Produce the records below again, word for word, but stop after the line that contains "Participants at a".
##### Dataset excerpts
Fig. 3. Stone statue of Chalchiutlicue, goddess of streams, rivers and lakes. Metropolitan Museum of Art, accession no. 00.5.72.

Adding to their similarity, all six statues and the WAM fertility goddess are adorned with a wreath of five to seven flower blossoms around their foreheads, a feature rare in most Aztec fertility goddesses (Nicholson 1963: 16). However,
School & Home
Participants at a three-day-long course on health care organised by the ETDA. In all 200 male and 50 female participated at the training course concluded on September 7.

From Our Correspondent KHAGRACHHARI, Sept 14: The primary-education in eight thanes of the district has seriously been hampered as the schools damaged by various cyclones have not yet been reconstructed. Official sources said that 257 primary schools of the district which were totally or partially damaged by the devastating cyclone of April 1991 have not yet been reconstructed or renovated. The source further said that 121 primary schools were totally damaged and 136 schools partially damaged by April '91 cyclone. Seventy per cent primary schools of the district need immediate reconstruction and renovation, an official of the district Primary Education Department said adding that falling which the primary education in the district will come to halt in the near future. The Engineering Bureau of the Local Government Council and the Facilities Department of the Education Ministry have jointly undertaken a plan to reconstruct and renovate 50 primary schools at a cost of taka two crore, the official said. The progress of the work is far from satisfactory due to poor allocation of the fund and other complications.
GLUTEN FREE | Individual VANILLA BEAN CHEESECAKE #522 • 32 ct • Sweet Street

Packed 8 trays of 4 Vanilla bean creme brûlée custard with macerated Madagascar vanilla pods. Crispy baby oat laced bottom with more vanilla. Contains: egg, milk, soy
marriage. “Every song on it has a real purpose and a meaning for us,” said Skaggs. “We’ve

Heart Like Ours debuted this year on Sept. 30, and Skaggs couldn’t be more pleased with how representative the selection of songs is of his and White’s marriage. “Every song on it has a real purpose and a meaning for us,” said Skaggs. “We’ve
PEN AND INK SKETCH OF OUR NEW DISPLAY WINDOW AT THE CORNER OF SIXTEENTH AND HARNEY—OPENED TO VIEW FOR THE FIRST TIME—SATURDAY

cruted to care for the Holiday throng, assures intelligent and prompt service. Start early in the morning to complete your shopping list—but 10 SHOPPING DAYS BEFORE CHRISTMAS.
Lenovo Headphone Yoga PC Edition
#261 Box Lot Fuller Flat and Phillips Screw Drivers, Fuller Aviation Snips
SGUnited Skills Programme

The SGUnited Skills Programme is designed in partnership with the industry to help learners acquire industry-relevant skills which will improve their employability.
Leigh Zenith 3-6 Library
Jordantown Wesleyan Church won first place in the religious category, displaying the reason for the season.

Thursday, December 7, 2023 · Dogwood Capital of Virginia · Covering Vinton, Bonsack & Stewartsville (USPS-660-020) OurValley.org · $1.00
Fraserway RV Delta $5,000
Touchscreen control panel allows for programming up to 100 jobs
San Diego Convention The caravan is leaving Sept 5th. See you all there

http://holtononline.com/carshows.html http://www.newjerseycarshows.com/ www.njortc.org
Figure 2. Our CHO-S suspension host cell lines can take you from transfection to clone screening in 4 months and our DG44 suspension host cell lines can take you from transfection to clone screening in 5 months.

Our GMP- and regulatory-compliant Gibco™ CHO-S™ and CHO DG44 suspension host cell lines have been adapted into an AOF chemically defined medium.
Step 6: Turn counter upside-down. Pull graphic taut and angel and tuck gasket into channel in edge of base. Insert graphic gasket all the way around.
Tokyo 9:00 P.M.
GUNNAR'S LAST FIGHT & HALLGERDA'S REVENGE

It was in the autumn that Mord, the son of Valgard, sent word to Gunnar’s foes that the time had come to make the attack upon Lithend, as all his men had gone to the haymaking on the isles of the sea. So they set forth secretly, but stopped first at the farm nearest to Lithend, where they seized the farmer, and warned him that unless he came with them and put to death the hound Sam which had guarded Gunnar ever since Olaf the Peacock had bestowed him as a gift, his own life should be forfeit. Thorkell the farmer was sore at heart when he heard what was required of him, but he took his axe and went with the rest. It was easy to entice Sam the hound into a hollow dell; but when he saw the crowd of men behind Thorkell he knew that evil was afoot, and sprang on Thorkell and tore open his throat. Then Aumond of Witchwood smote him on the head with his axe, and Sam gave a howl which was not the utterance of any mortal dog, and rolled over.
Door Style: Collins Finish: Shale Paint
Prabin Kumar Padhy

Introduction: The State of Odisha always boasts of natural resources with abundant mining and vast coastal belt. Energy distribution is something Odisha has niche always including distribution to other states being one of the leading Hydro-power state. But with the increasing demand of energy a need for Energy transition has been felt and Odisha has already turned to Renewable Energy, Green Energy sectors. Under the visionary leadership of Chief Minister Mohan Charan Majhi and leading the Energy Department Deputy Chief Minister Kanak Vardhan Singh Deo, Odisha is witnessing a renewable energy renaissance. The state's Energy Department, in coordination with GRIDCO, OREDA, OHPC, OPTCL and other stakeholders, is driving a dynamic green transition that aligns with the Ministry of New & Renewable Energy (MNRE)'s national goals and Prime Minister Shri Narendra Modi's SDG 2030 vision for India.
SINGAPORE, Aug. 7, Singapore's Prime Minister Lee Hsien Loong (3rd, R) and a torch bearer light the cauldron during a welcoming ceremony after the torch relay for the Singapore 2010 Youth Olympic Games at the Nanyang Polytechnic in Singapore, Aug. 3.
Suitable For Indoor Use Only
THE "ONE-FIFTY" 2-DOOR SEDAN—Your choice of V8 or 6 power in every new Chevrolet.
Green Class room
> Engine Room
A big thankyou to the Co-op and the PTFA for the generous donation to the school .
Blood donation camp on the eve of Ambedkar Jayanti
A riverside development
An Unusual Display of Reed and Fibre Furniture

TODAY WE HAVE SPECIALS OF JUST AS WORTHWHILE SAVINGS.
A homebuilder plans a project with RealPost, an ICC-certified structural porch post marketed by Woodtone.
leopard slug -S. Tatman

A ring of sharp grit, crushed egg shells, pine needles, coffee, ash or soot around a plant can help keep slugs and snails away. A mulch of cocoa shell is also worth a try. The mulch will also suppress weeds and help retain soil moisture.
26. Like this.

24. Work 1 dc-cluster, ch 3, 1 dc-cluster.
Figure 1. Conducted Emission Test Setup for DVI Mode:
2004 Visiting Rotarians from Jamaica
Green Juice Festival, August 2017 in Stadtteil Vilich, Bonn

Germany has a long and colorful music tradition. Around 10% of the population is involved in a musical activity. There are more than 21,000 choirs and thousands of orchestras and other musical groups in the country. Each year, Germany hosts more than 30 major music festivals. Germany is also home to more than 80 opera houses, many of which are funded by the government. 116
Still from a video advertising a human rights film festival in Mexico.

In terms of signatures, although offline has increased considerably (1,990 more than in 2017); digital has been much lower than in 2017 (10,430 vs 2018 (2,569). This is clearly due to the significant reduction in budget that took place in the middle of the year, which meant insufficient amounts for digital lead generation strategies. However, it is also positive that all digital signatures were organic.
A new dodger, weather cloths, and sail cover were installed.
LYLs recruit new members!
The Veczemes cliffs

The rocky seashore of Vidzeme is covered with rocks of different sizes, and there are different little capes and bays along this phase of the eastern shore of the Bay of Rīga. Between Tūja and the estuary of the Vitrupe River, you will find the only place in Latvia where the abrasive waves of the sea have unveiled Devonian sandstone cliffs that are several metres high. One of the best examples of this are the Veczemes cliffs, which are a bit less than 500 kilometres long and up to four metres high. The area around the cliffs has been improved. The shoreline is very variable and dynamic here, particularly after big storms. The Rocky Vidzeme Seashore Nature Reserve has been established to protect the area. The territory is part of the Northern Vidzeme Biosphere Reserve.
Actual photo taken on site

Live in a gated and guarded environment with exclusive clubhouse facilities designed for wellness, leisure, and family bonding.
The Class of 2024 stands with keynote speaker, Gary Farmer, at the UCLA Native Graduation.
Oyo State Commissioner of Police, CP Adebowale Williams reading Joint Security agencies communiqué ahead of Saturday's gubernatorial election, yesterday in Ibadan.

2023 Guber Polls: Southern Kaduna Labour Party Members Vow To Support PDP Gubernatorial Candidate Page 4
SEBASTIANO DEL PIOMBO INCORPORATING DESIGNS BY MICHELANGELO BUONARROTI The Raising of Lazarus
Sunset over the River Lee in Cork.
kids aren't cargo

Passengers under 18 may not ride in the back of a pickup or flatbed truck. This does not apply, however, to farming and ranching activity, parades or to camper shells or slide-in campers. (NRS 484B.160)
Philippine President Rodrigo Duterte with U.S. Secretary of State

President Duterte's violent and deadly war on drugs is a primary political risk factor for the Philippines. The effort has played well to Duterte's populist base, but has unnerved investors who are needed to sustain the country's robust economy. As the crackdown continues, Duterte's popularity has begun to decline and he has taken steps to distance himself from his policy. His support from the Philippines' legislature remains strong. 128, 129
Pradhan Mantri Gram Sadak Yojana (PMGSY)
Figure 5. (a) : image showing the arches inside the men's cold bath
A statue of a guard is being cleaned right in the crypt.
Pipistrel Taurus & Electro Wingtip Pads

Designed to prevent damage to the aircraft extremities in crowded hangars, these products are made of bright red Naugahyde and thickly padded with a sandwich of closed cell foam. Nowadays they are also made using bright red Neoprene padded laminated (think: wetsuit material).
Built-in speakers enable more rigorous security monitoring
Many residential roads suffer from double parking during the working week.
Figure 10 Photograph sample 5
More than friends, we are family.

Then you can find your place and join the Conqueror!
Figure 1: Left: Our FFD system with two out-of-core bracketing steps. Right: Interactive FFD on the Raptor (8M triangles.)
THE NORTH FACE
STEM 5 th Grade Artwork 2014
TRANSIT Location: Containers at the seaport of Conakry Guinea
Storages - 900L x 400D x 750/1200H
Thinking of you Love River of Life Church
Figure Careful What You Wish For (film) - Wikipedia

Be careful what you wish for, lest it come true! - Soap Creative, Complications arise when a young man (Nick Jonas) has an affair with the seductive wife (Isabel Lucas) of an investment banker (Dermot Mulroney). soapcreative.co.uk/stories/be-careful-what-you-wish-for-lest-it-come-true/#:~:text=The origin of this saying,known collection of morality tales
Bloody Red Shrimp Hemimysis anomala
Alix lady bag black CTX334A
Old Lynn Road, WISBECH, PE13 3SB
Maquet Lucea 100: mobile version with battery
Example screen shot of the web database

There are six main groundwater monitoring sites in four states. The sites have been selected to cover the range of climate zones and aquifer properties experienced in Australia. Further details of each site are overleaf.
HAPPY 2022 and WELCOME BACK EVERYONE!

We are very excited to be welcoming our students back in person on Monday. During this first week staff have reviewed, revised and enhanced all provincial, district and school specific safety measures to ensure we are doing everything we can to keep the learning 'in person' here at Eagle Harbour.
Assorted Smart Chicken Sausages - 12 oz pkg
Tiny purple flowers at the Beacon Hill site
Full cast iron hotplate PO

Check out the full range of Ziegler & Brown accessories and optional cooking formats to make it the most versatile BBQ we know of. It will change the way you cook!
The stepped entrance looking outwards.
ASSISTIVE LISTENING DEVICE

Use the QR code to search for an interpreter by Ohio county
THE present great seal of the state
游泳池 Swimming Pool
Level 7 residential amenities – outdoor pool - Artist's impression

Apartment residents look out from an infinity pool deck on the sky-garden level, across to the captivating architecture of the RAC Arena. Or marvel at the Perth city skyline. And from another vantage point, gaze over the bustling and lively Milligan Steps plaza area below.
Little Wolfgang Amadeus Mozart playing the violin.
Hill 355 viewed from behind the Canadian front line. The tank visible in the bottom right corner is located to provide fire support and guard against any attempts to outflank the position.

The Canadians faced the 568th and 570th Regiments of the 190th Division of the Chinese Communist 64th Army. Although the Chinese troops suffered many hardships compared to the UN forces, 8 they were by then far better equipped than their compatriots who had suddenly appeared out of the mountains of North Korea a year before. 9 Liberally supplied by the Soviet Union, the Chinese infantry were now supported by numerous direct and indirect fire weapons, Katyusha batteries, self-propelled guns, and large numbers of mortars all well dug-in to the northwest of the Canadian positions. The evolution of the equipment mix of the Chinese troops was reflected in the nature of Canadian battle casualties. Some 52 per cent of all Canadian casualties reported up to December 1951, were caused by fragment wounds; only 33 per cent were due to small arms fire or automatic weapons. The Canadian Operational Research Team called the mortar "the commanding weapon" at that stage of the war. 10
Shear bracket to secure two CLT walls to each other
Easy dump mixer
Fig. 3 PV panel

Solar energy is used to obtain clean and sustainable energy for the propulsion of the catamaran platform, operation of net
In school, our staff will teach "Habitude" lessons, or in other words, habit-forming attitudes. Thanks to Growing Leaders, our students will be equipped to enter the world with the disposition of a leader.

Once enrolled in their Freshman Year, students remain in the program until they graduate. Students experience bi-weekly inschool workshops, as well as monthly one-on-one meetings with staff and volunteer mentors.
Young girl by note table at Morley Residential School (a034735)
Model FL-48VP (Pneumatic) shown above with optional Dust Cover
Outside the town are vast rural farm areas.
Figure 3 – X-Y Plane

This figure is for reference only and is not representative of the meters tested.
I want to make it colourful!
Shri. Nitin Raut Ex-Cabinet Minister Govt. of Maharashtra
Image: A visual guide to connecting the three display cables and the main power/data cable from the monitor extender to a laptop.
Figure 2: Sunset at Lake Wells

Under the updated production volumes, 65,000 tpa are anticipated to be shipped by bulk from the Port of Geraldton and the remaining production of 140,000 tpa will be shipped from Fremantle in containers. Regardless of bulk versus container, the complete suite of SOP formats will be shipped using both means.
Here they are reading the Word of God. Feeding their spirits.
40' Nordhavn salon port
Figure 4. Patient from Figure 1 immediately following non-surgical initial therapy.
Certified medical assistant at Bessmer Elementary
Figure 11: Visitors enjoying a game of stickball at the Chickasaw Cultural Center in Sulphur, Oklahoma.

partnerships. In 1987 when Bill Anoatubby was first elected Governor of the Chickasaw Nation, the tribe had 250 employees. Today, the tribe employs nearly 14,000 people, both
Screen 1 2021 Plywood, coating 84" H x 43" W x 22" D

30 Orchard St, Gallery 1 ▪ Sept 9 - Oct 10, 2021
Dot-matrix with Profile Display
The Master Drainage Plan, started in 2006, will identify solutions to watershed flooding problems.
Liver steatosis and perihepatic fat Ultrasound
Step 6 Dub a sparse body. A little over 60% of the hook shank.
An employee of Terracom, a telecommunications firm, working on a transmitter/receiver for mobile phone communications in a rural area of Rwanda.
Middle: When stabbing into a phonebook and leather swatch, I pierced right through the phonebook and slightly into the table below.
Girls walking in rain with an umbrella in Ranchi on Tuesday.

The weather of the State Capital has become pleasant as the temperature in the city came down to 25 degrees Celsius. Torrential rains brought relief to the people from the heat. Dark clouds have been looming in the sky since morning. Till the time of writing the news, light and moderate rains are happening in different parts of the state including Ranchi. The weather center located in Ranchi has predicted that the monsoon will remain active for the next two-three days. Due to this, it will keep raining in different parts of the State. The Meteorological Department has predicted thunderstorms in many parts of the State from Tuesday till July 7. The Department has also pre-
##########
▸ Completed task
Fig. 3. Stone statue of Chalchiutlicue, goddess of streams, rivers and lakes. Metropolitan Museum of Art, accession no. 00.5.72.

Adding to their similarity, all six statues and the WAM fertility goddess are adorned with a wreath of five to seven flower blossoms around their foreheads, a feature rare in most Aztec fertility goddesses (Nicholson 1963: 16). However,
School & Home
Participants at a three-day-long course on health care organised by the ETDA. In all 200 male and 50 female participated at the training course concluded on September 7.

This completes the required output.